Wednesday, June 17, 2009

Handmade

The other night, I was preparing to make mashed potatoes for dinner when I realized that my potato peeler was missing. I was saddened. It had been a great little tool, faultlessly shearing off thin strips of skin while leaving the tuber below intact. I had owned it for over ten years and it still performed effortlessly. I must have inadvertently discarded it with the vegetable shavings the last time that I used it.

I searched online for a replacement and discovered that the company from which I purchased my beloved Swedish peeler had eliminated it from their product line. In lieu, the company now offers one made in a large Asian country (that shall remained unnamed) which is responsible for the lion's share of the world's mass production at great detriment to the health of it's citizens. I grimaced and continued my search. My sorrow soon dissolved when I found an instrument made by hand in a small, French, village. It has a beautiful wooden handle and was reasonably priced. I'd found my new peeler.

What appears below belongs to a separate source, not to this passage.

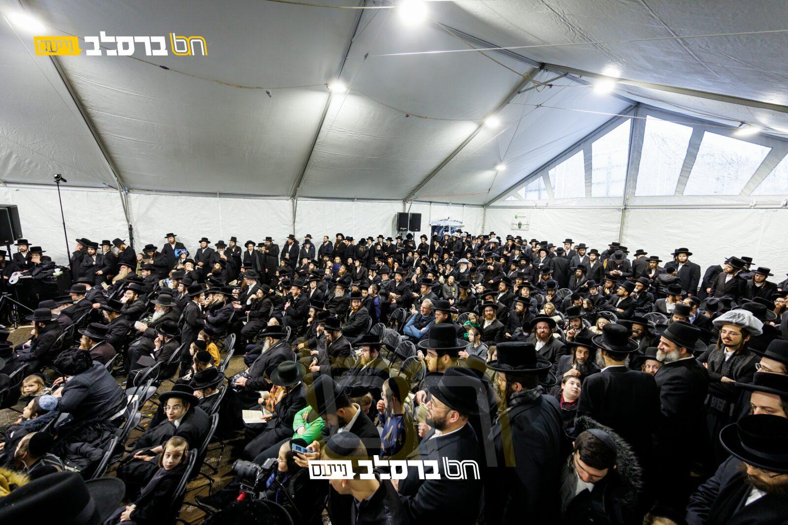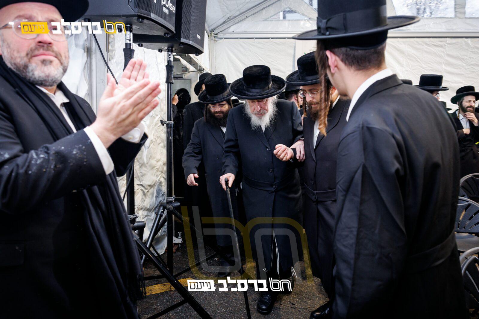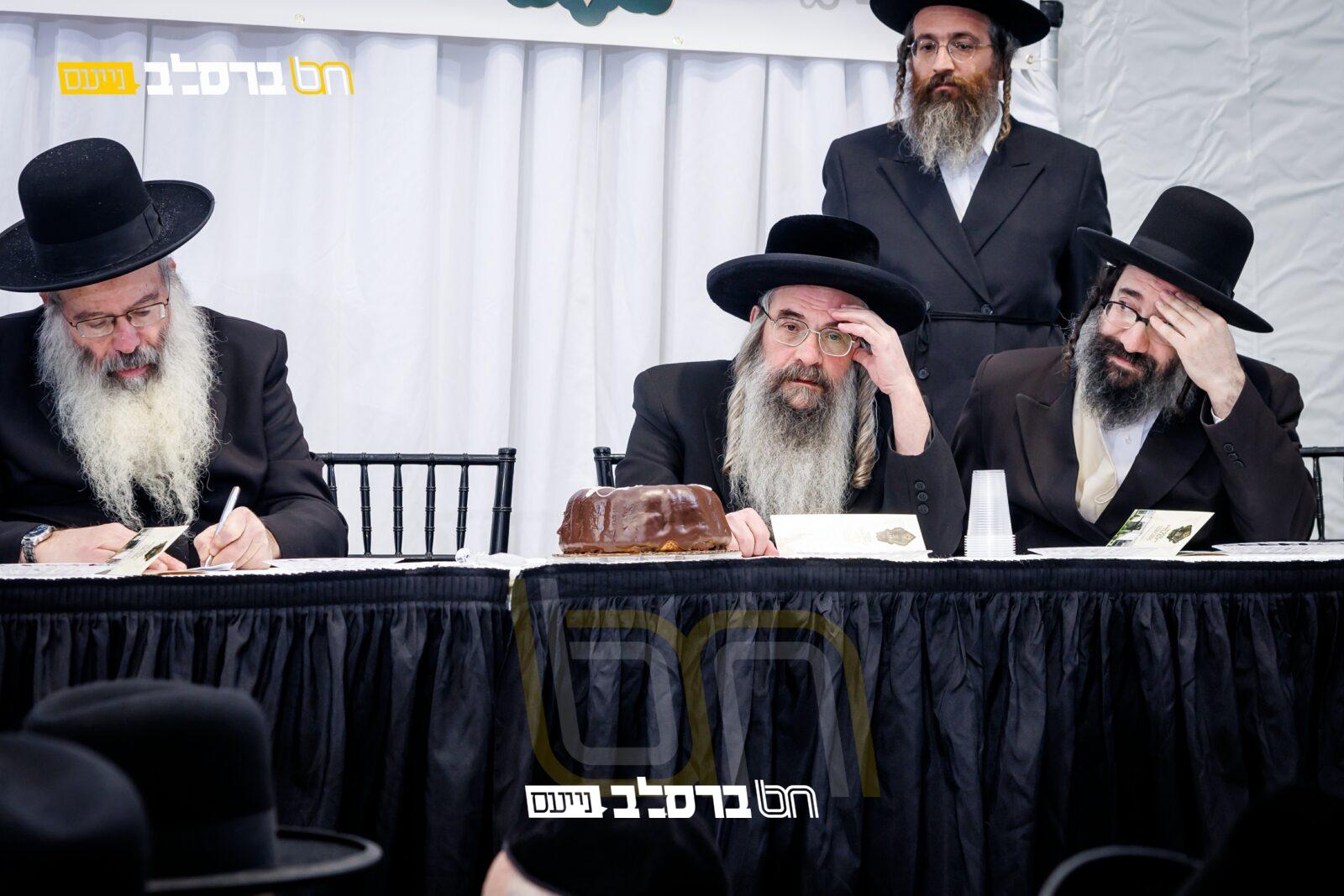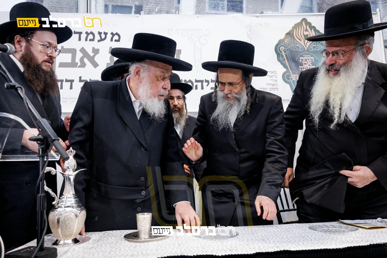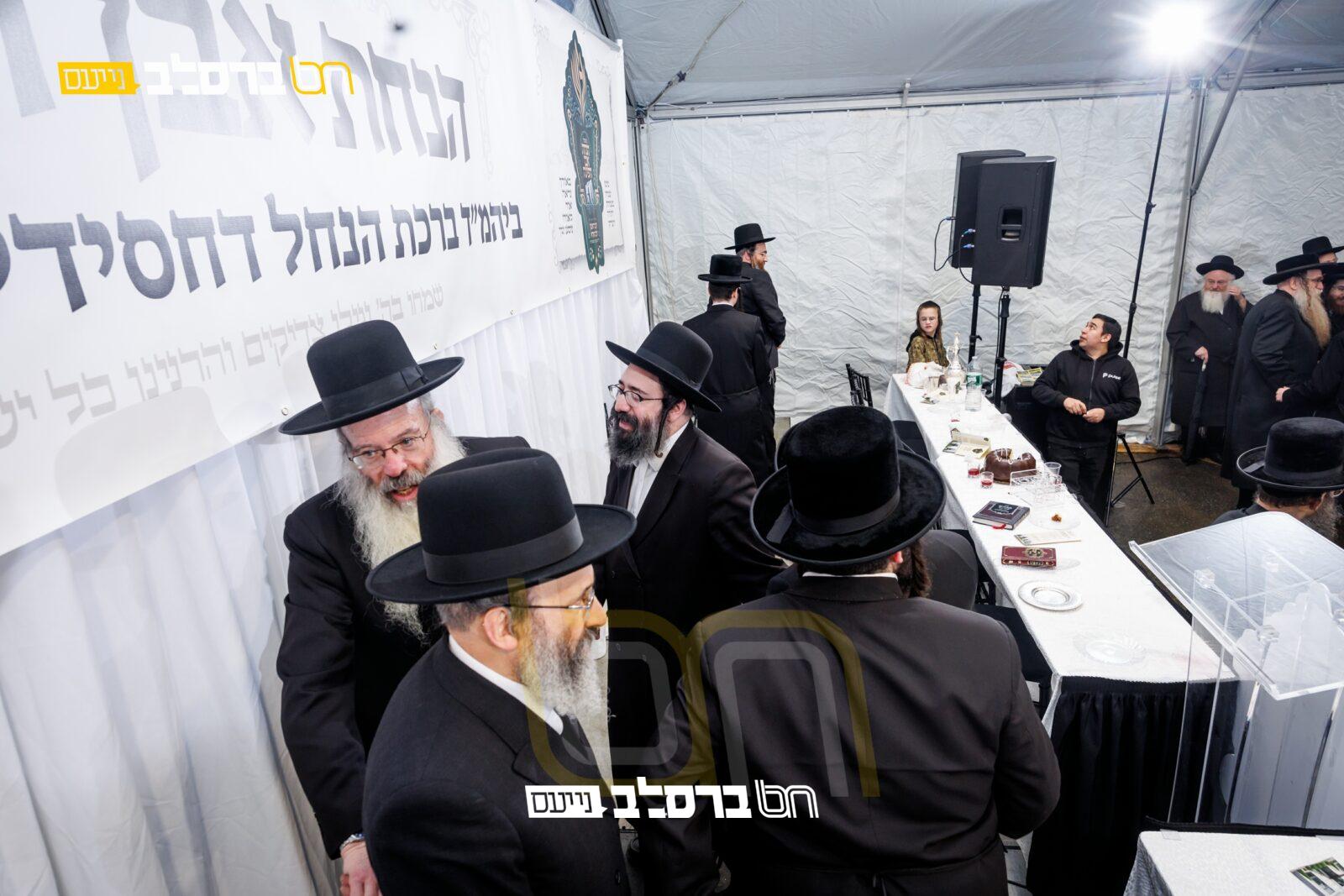 המעמד נערך באהל ענק שנבנה בסמוך למקום בניית הבניין והתקיים בהשתתפות מאות מיקירי אנשי שלומינו זקנים עם נערים בחורים לצד חסידים ואנשי מעשה עטורי זקנה ושיבה הע"י, כולם באו ונקבצו לך להשתתף במעמד ההיסטורי והנשגב. כאשר את המעמד ההיסטורי מנחה ברוב כשרון נופת צופים המגיד העולמי הרה"ח ר' מאיר מרדכי בערקאוויטש שליט"א מיקירי אנ"ש בארה"ב. ובין הייתר נשמעו דברים מפי הגה"צ רבי משה קרעמער שליט"א, כן נשמעו דברים מפי הגה"צ רבי יעקב מאיר שכטער שליט"א בלייב־הוקאפ (שידור חיי). ומעוד רבנים חשובים.

I share this not to be pretentious, but because I find that there is joy in using an instrument so lovingly handcrafted by a master artisan, rather than some gadget haphazardly stamped out by a machine which creates widgets and pollution in equal measure. The fingerprint of the maker stays with the object long after it has left the master's hands. It is apparent that such things are created thoughtfully, with love and purpose. Such things, I treat with reverence and enjoy using them all the more for being a beneficiary of such artistry.

So it is with us. We are "fearfully and wonderfully made" with divine purpose and precision. I am surrounded by incredible individuals in my life who, regardless of whether they acknowledge the Creator or not, bear His markings in the gifts and talents that they exhibit. In fact all of creation with its diverse complexity loudly sings in harmony of the Master Artisan from which it is derived and should be treated with reverence. For, despite our best efforts to mass produce the created things, we fall miserably short, making only ineffective widgets and deadly pollution, in equal measure.